Para las ostras de Bretagne, Sancerre Jolivet, crocante, mineral y fresco. Con el magret bien jugoso una botella de Croze Hermitage (34 euros). El día anterior almorcé en el Petit Bofinger justo enfrente, menos turístico, mas frecuentado por parisinos, nada pretenciosos, canchero y menos caro. Allí probé un tartare, perfecto, antes un foie gras, lamentablemente recién salido de la heladera.   El menú con copa de vino incluida sale 26 euros, una aventura posible.
  
 En todo caso, para bajar costos siempre se puede comprar baguetes, para comer en casa o en el hotel,  y esa oferta infinita de quesos artesanales a partir  de leche cruda, no pasteurizados, con denominación de origen, no solo en los mercados sino en los súper, terrines y pate campagnarde de cerdo o de conejo, por ejemplo.
  
En una esquina a la vuelta de Vosges está Chez Janou,-2, rue Verlomme tel 0142 72 2841- con su oferta de más de 80 Pastis, una buena idea para probar estos aperitivos provenzales con aromas anisados y frescos, que alguna vez, cuando llevaban absenthe (ajenjo) fueron trago perverso para los poetas malditos.
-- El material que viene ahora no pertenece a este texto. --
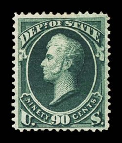 1102 og O67 image#O67, 90c State, bright mint single, lovely rich color and a razor-sharp impression on bright paper, quite well centered, full o.g., relatively lightly hinged, very fine for this scarce stamp; 1982 PF certificate. (Image) $850.00
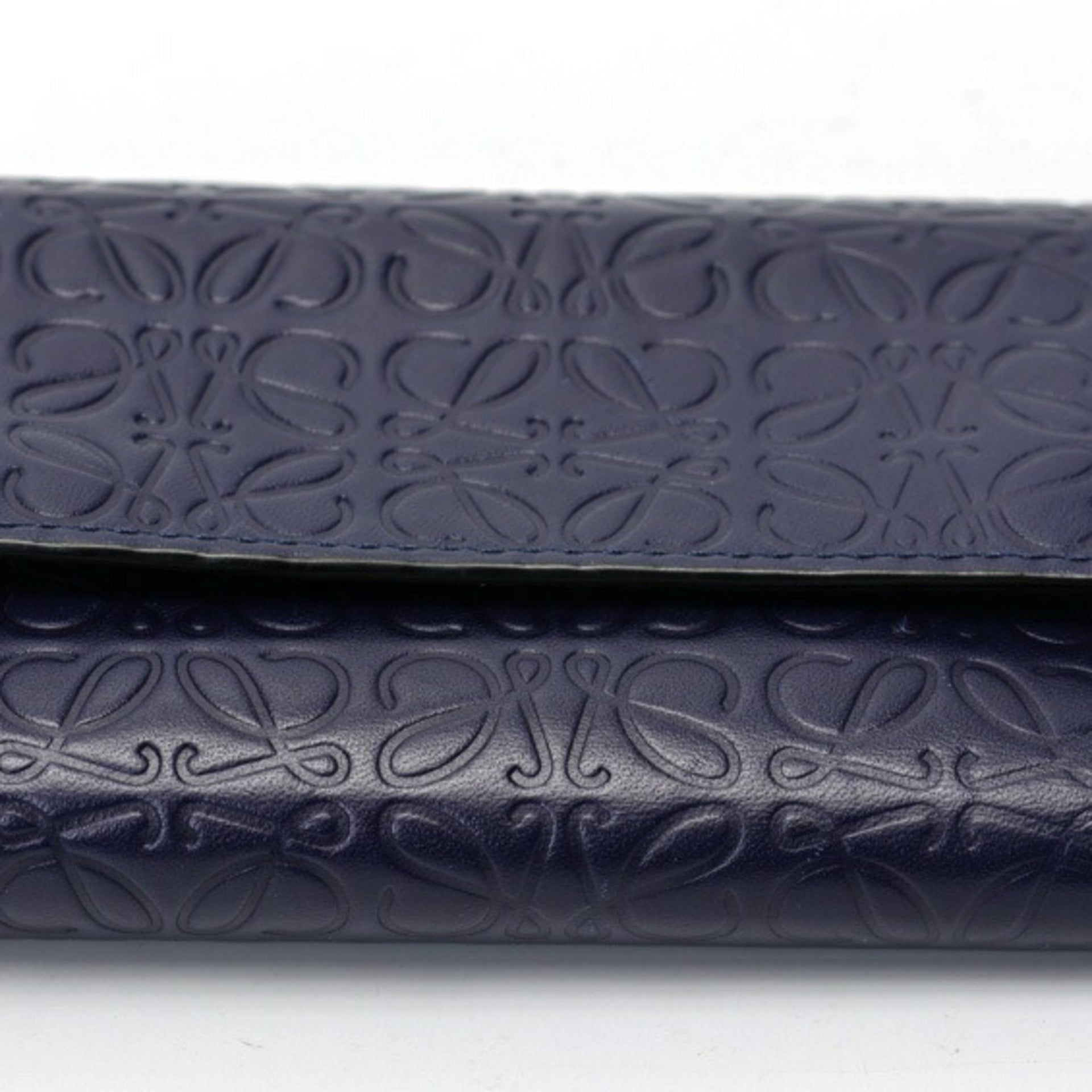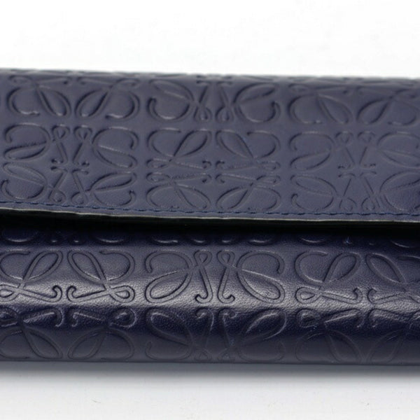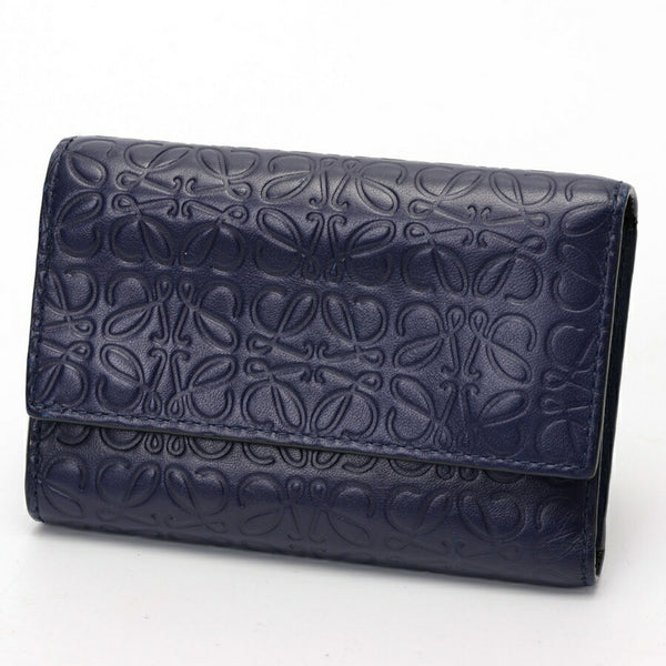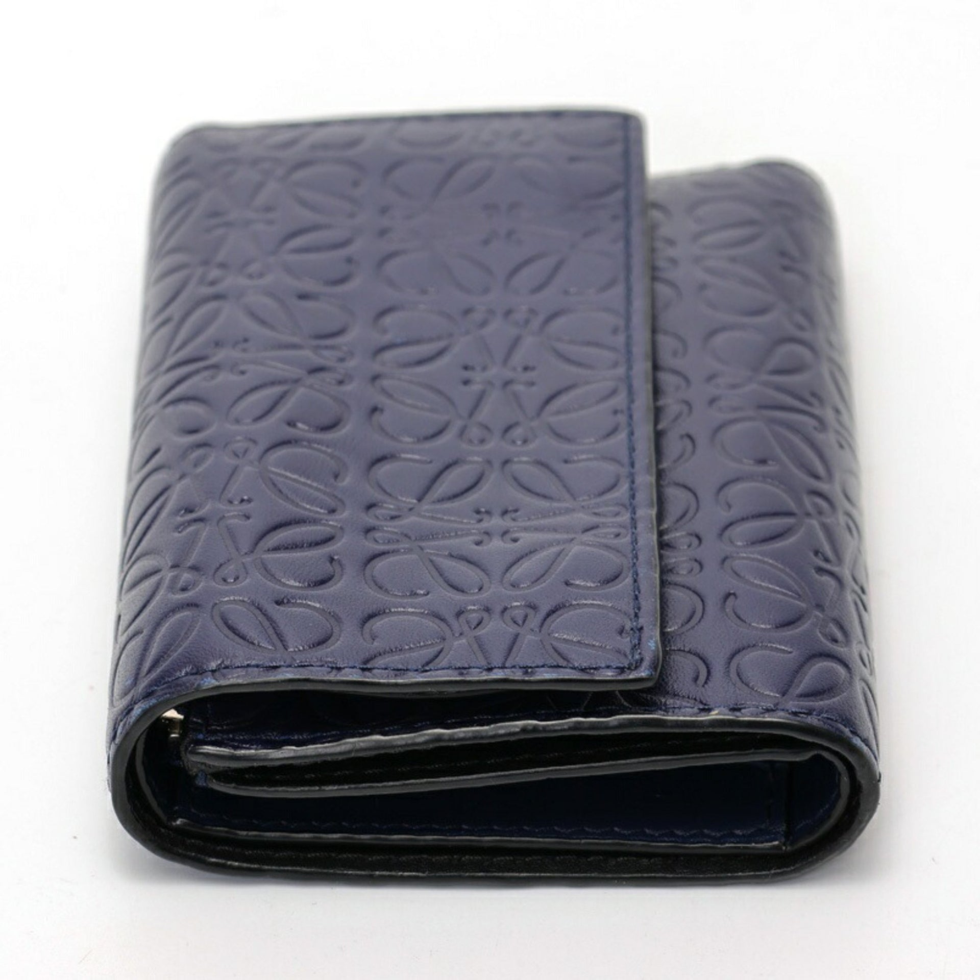 LOEWE Repeat Anagram Vertical Wallet Tri-fold Leather Navy E-157603

Siempre llena su encantadora terracita, se impone reservar. El lugar es mínimo y apunta a la cocina mediterránea.
 
Cerca, si se avanza desde la Bastilla por la Rue de Rivoli, está el  Centro Pompidou más conocido como el Beaubourg, de diseño discutido desde hace 20 años, un monstruo de colores y tubos. Hace unos años comí en la terraza-  el restó y bar Georges- desde donde se puede ver el tout Paris, Notre Dame, Sacre Coeur y Torre Eiffel incluidos. Paris es una fiesta, siempre y pese a todo.